Swedish truck maker Volvo Group was hit by a sharp drop in earnings due to the coronavirus pandemic, but business rebounded at the end of the year.

Sweden's Volvo regains strength after pandemic puts brakes on earnings
Volvo Group CEO Martin Lundstedt. Photo: Adam Ihse/TT

In 2020, the group saw “dramatic fluctuations in demand” due to the Covid-19 pandemic, chief executive Martin Lundstedt said in a statement.

For 2021, Volvo raised its sales forecasts in its trucks division – its core business – in Europe, North America and Brazil.

However, it said it also expected “production disturbances and increased costs” due to a “strained” supply chain, noting a global shortage of semiconductors across industries.

The truck making sector is particularly sensitive to the global economic situation and is usually hard hit during crises.

In March, as the pandemic took hold around the world, Volvo suspended operations at most of its sites in 18 countries and halted production at Renault Trucks, which it owns, in Belgium and France.

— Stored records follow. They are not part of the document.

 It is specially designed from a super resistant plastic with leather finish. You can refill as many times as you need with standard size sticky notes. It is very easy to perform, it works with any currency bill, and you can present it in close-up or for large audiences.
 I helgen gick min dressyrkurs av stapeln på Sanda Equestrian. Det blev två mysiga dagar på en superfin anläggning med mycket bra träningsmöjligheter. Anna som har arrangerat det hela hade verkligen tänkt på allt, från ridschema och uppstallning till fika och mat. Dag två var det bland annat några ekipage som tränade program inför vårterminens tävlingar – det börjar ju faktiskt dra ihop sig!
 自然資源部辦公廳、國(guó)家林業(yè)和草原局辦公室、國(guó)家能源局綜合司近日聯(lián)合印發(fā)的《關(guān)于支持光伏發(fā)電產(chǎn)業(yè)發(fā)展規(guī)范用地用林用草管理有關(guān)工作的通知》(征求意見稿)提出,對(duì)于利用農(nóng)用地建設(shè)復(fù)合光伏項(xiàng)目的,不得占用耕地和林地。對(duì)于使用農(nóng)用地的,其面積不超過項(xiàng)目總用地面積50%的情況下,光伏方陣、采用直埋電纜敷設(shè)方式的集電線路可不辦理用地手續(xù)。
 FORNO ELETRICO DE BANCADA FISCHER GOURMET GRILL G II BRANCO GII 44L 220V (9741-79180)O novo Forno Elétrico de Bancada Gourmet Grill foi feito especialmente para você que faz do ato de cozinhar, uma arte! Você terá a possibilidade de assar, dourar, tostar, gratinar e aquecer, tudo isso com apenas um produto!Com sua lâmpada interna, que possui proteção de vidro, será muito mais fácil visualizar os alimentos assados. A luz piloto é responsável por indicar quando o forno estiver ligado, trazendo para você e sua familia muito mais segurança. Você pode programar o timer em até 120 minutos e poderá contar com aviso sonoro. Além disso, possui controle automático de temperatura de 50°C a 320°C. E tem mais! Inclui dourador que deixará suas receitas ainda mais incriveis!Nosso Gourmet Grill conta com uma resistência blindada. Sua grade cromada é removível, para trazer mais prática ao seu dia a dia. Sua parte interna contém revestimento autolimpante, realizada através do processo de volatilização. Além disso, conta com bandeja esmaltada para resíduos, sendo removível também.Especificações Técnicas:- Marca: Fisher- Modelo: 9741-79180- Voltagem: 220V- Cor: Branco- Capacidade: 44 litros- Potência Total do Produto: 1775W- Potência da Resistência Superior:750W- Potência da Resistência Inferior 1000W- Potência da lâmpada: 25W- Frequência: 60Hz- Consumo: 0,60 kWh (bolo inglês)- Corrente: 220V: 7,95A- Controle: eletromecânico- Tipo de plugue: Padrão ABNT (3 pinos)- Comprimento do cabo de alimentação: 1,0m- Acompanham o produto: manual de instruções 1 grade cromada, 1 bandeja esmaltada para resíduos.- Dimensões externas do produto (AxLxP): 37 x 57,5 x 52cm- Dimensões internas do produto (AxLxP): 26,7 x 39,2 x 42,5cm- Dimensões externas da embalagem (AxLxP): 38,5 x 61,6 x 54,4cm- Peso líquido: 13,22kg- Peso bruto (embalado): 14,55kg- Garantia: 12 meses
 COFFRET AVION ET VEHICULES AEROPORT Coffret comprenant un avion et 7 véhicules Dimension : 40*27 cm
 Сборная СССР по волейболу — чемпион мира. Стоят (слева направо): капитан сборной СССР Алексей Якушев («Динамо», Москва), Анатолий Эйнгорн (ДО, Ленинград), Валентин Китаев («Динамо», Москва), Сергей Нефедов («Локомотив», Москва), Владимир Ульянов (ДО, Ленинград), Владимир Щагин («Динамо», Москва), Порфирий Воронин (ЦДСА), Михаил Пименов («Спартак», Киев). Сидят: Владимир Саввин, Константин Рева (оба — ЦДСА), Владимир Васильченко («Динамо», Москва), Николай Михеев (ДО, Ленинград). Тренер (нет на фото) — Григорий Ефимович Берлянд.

Operations gradually resumed mid-year, but not enough to compensate for the drop in earnings.

With annual sales down 22 percent to 338 billion kronor (33.4 billion euros, $40 billion), the group posted a 46 percent plunge in net profit to 19.3 billion kronor (1.9 billion euros).

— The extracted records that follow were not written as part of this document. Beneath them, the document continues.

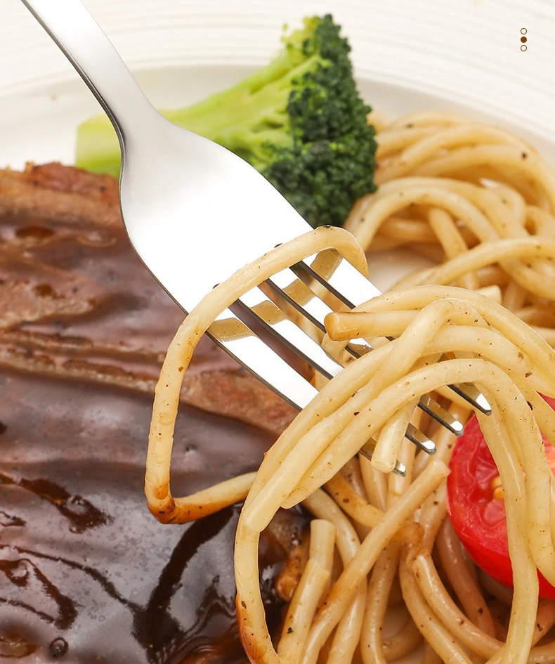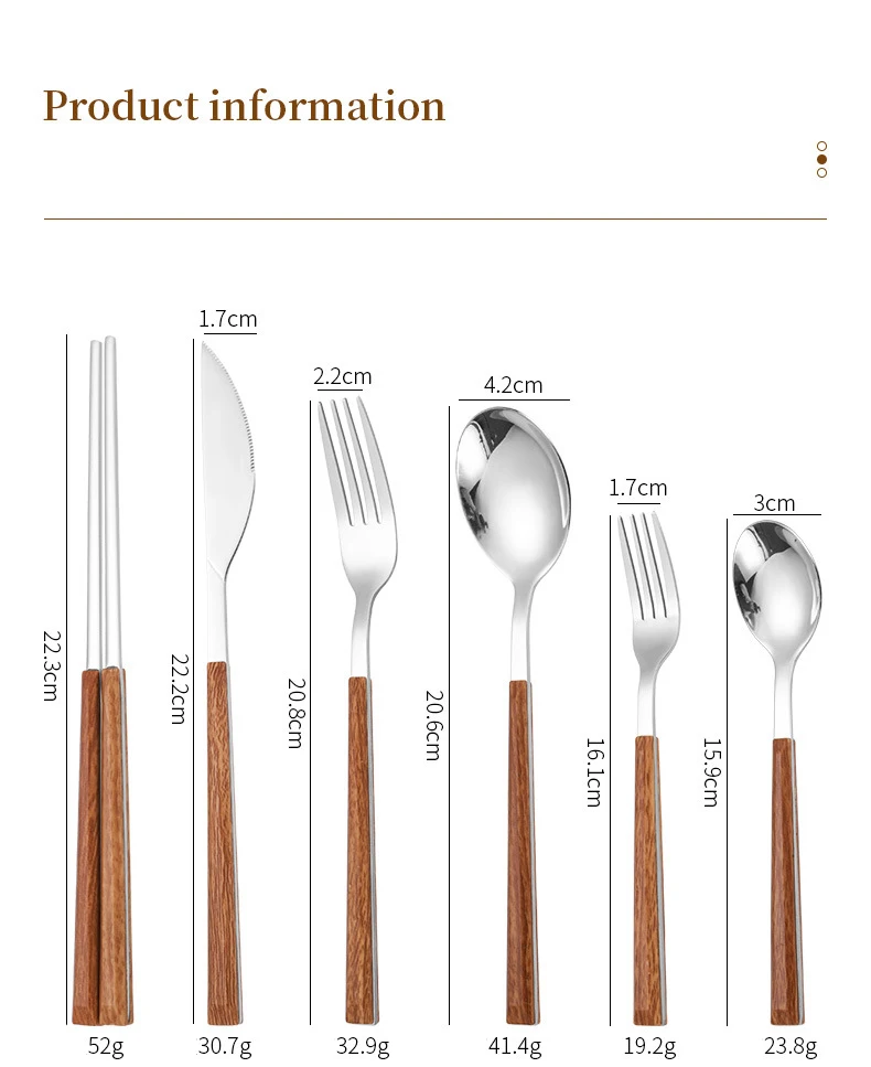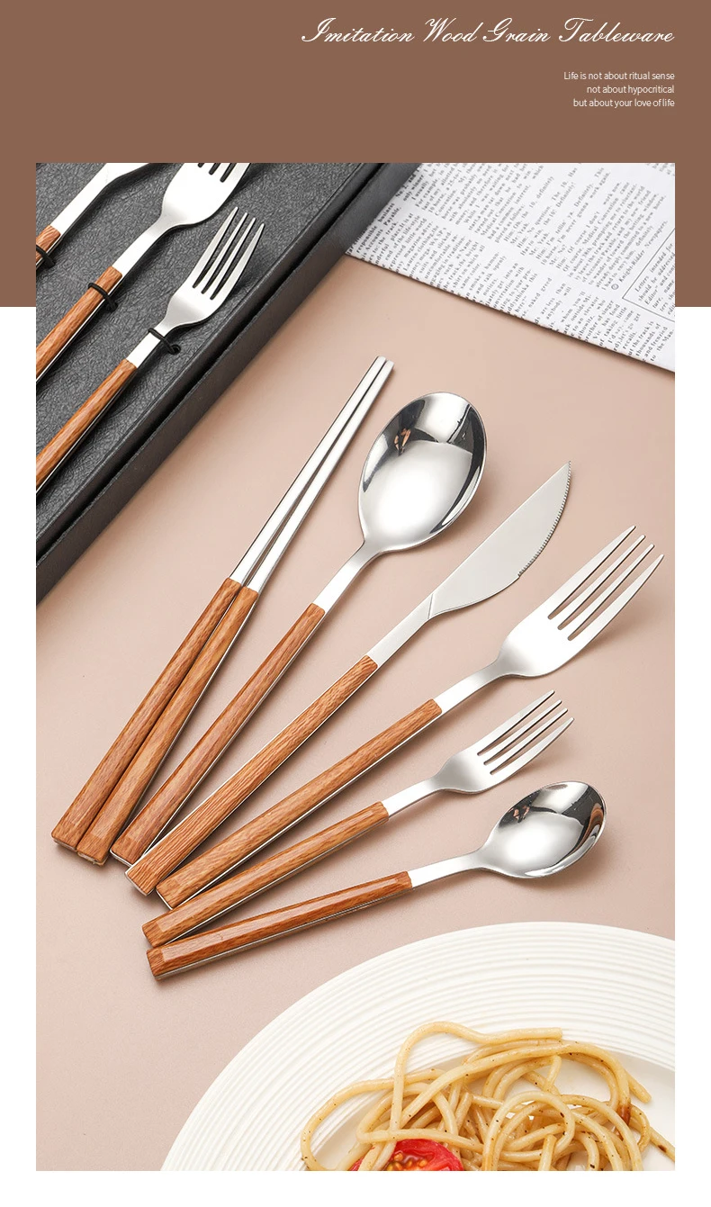 Le stoviglie sono realizzate in acciaio inossidabile di alta qualità resistente e antiruggine. Manico per vernice: non è consigliato l’uso di filo/tampone di decontaminazione ruvido per pulire. Non utilizzare detergenti corrosivi forti e mantenere le stoviglie asciutte. Adatto a famiglie, feste, hotel, ristoranti, regali, compleanni, viaggi in campeggio.
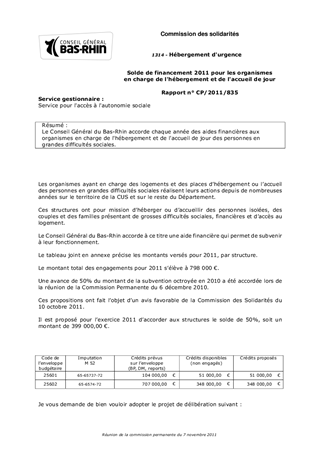 Solde de financement 2011 pour les organismes en charge de l'hébergement et de l'accueil de jour
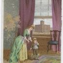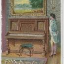 Victorian Fold Out Trade Card for Estey Piano Co. New York. On the Front of the card is a Mother and her Son with a Piano Teacher, The First Music Lesson. Inside of Card has Information. Card is 5" high and 3 1/2" across. Card is in good condition, wear at edges, Light glue stains inside.
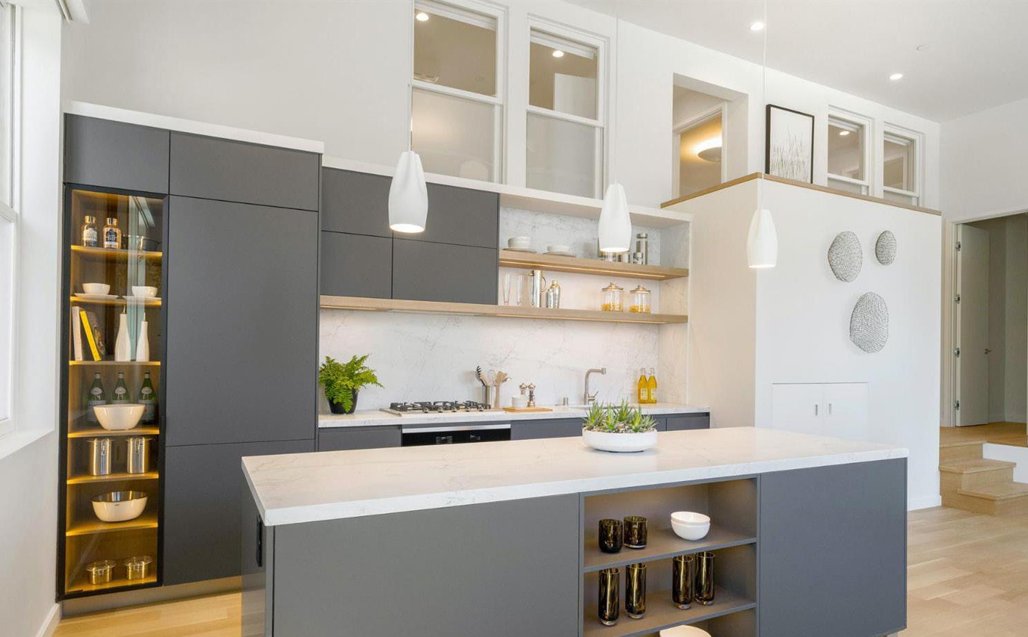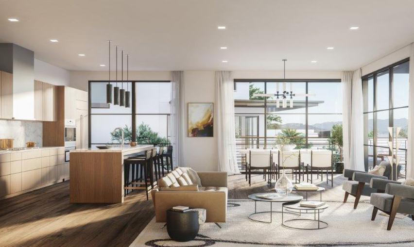 Features & Finishes: European custom kitchen system in stone textured finish, panel-ready refrigerators, integrated LED cabinet lighting, Engineered Quartz slab countertop, natural gas range, wide-plank wood-textured porcelain tiles, engineered European wood floor, Latch Smart Lock System

Operating margin fell from 11.5 to 8.1 percent.

However, the group did manage to cut costs by 20 percent.

“We have significantly improved our volume and cost flexibility, which were crucial factors behind our earnings resilience in 2020,” the group said.

Volvo's business regained strength in the second half of the year.

“Customer usage of trucks and machines increased when the Covid-19 restrictions were eased during the summer and this development continued during both the third and fourth quarters,” it said.

“Both the transport activity and the construction business are back at levels on par with the prior year in most markets.”

For the fourth quarter alone, the company reported a 38-percent rise in net profit from a year earlier.